# Your objective
From the data below, retype exactly the lines starting with the one that contains "Мойка с чашей" and ending with the one that contains "震源地 | ボリビアのColchaniから西北西122kmの地点 |", both included.

# Supplied data
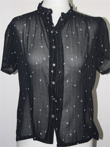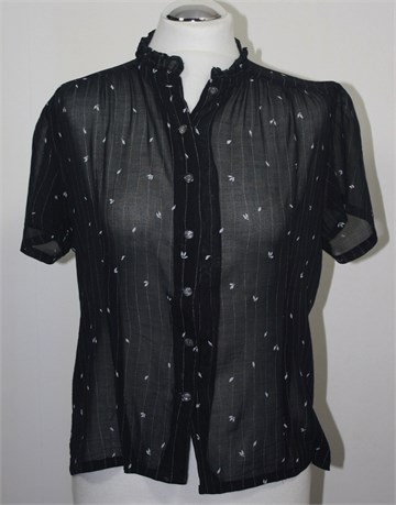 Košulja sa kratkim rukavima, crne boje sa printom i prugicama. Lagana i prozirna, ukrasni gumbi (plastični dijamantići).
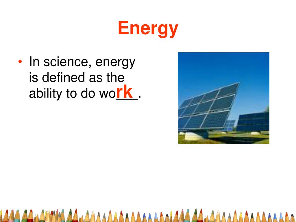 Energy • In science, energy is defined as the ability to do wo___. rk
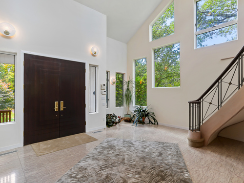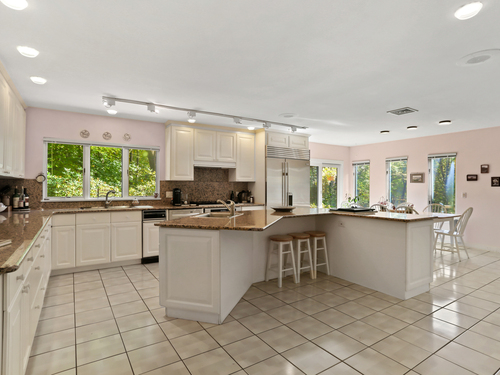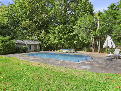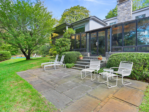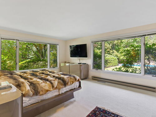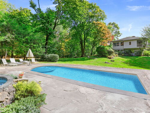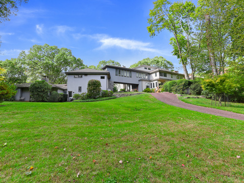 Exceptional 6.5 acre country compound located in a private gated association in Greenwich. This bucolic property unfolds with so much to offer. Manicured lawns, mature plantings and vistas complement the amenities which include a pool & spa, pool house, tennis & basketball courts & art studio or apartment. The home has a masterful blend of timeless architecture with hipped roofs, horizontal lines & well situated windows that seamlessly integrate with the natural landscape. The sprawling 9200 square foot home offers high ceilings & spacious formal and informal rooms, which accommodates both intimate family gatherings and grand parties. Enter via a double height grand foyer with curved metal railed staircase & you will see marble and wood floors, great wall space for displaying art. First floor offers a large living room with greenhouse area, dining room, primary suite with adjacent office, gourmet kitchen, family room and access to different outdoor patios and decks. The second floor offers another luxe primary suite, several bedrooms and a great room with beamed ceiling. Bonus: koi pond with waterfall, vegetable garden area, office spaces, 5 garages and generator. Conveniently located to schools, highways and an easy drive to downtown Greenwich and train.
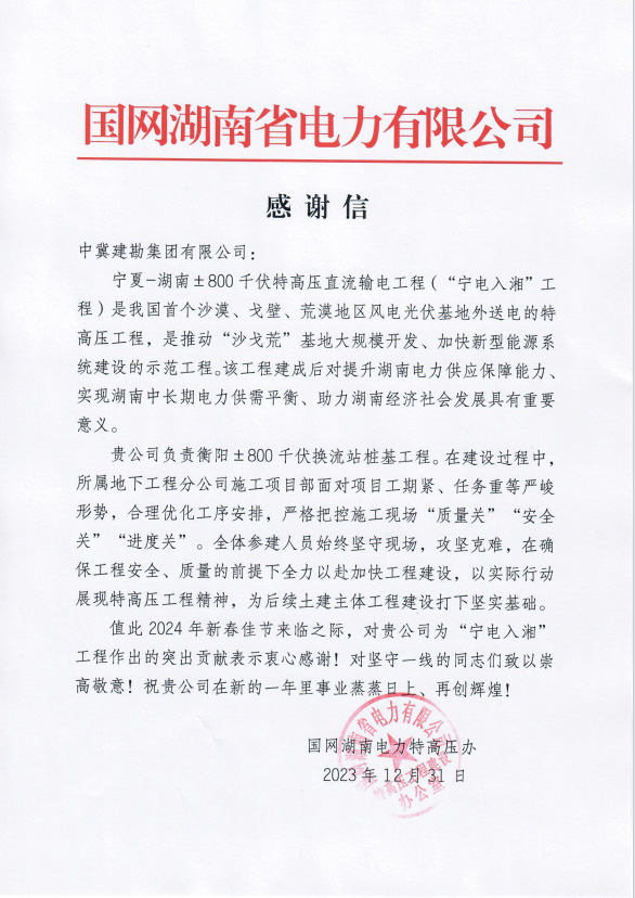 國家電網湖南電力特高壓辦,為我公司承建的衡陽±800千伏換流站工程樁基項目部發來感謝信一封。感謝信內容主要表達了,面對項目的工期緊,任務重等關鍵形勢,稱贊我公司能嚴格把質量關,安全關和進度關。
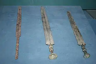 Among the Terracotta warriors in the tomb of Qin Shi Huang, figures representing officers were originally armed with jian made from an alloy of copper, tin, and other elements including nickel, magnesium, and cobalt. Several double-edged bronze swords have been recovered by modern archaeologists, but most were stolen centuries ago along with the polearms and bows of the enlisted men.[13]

* * *

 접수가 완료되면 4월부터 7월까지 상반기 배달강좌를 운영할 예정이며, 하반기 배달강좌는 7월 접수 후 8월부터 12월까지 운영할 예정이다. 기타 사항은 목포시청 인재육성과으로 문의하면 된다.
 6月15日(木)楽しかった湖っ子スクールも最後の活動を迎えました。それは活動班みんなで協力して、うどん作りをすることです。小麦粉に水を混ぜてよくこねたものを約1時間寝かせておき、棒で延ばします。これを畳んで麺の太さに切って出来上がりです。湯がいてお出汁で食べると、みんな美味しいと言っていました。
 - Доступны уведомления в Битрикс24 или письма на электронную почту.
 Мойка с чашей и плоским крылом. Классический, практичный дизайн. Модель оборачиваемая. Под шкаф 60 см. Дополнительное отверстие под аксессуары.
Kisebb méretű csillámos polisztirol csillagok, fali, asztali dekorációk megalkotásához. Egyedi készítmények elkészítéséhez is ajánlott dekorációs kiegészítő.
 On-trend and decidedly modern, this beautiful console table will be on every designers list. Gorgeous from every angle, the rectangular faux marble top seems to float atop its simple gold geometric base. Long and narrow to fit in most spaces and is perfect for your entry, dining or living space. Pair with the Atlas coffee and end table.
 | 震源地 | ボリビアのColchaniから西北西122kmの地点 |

...

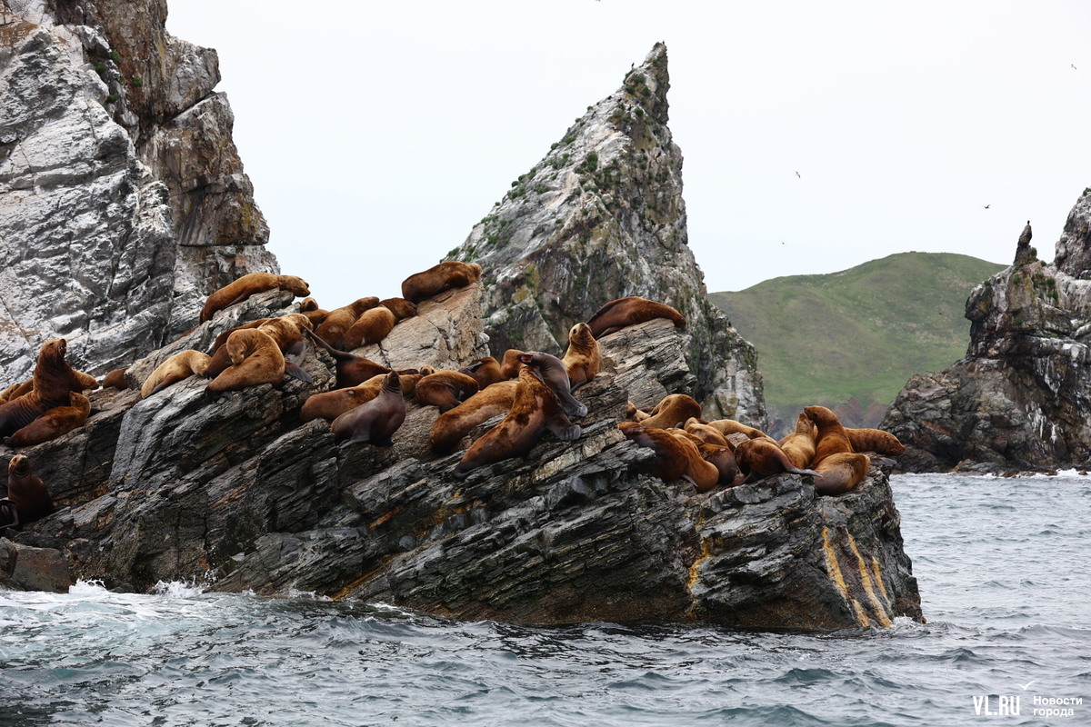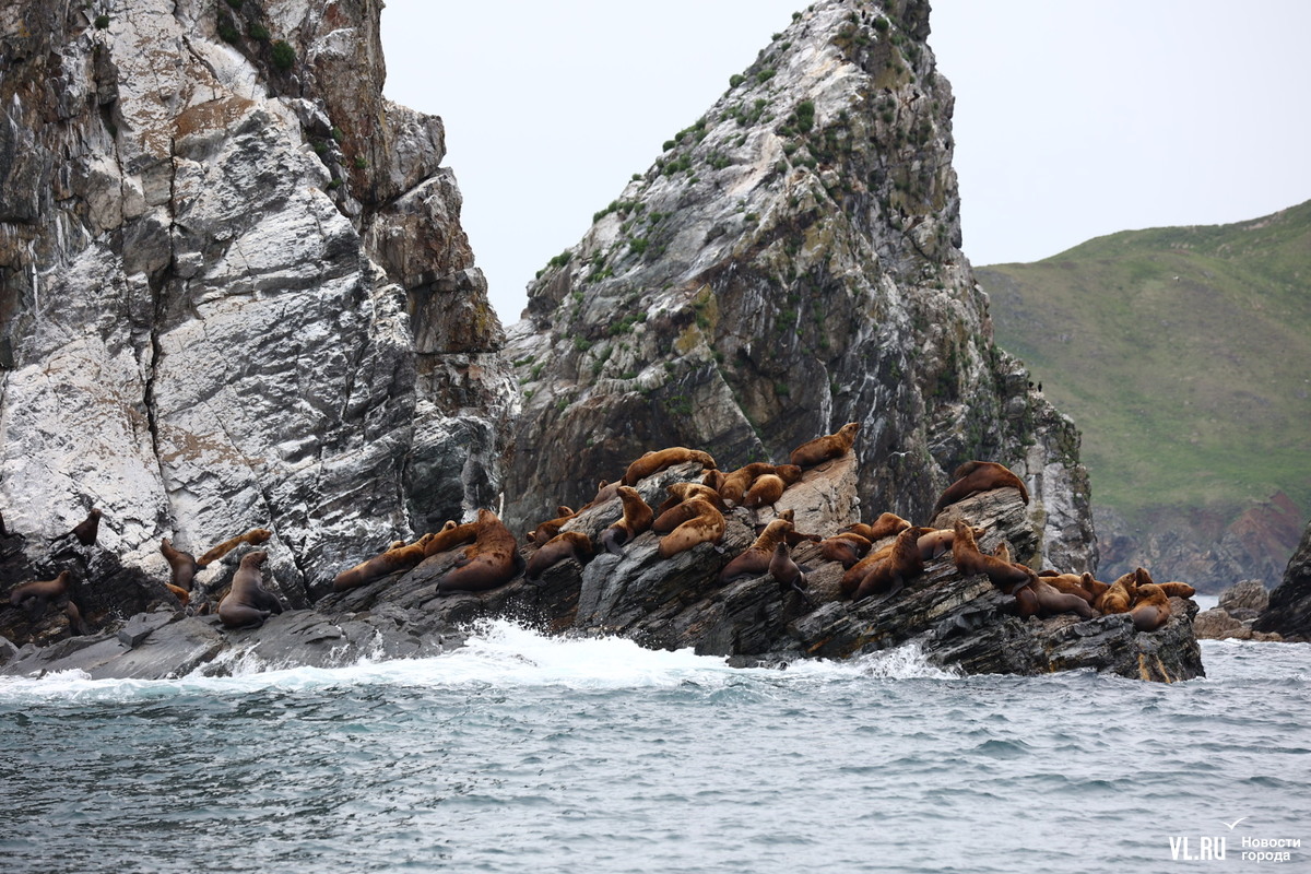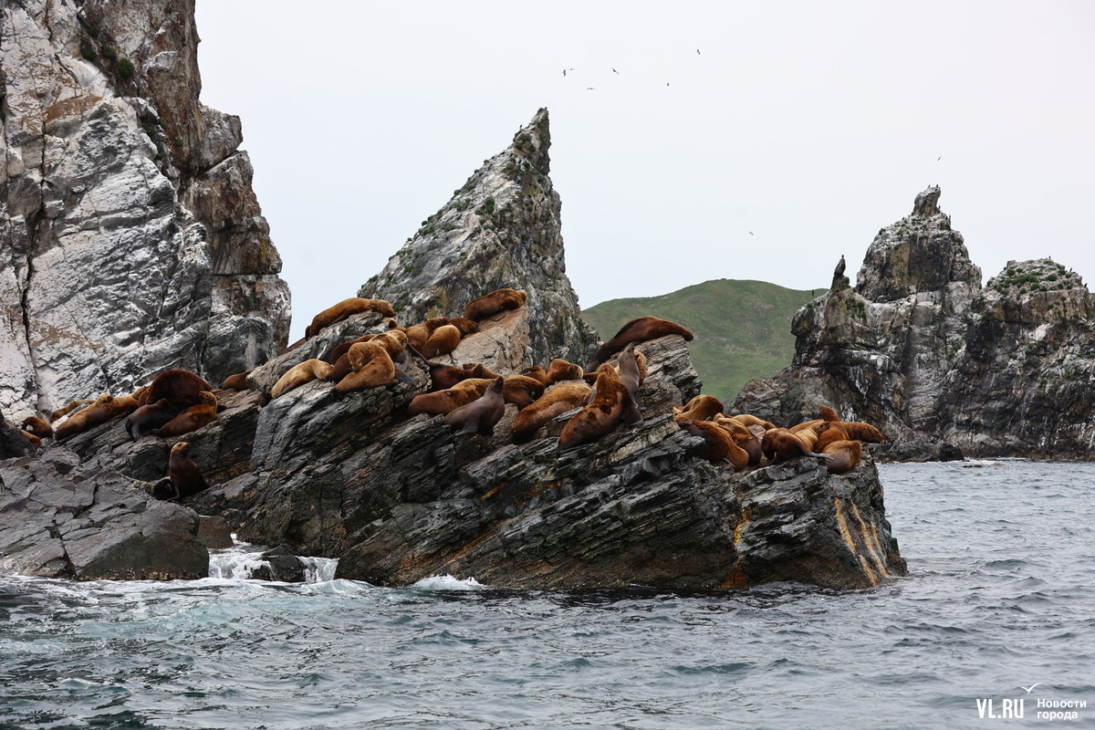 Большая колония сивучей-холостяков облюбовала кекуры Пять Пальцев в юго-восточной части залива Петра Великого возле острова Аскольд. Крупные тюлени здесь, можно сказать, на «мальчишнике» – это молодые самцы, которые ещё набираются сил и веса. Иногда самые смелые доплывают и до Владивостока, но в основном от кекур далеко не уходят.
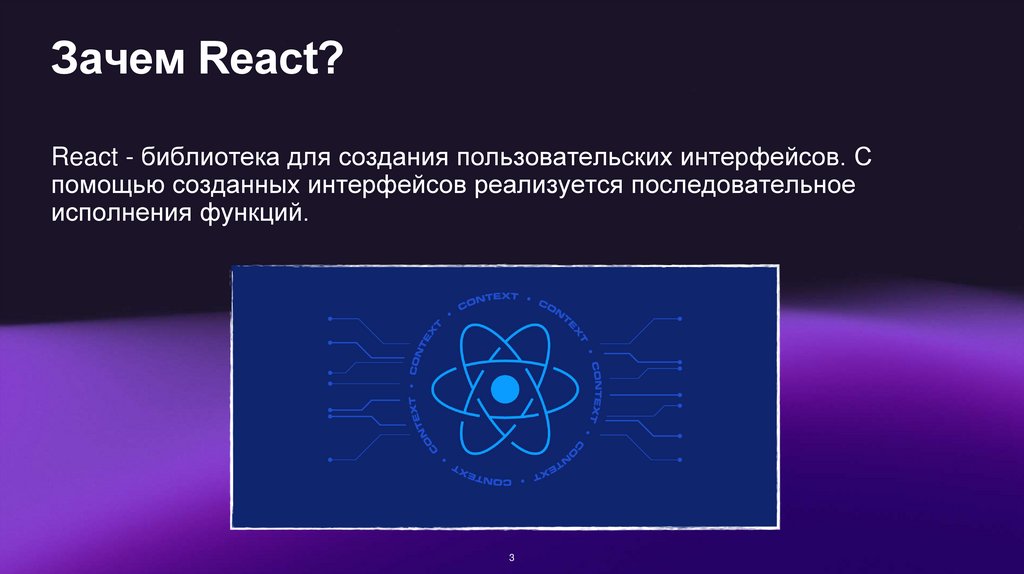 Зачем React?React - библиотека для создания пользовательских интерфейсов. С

# Solved problem
 Мойка с чашей и плоским крылом. Классический, практичный дизайн. Модель оборачиваемая. Под шкаф 60 см. Дополнительное отверстие под аксессуары.
Kisebb méretű csillámos polisztirol csillagok, fali, asztali dekorációk megalkotásához. Egyedi készítmények elkészítéséhez is ajánlott dekorációs kiegészítő.
 On-trend and decidedly modern, this beautiful console table will be on every designers list. Gorgeous from every angle, the rectangular faux marble top seems to float atop its simple gold geometric base. Long and narrow to fit in most spaces and is perfect for your entry, dining or living space. Pair with the Atlas coffee and end table.
 | 震源地 | ボリビアのColchaniから西北西122kmの地点 |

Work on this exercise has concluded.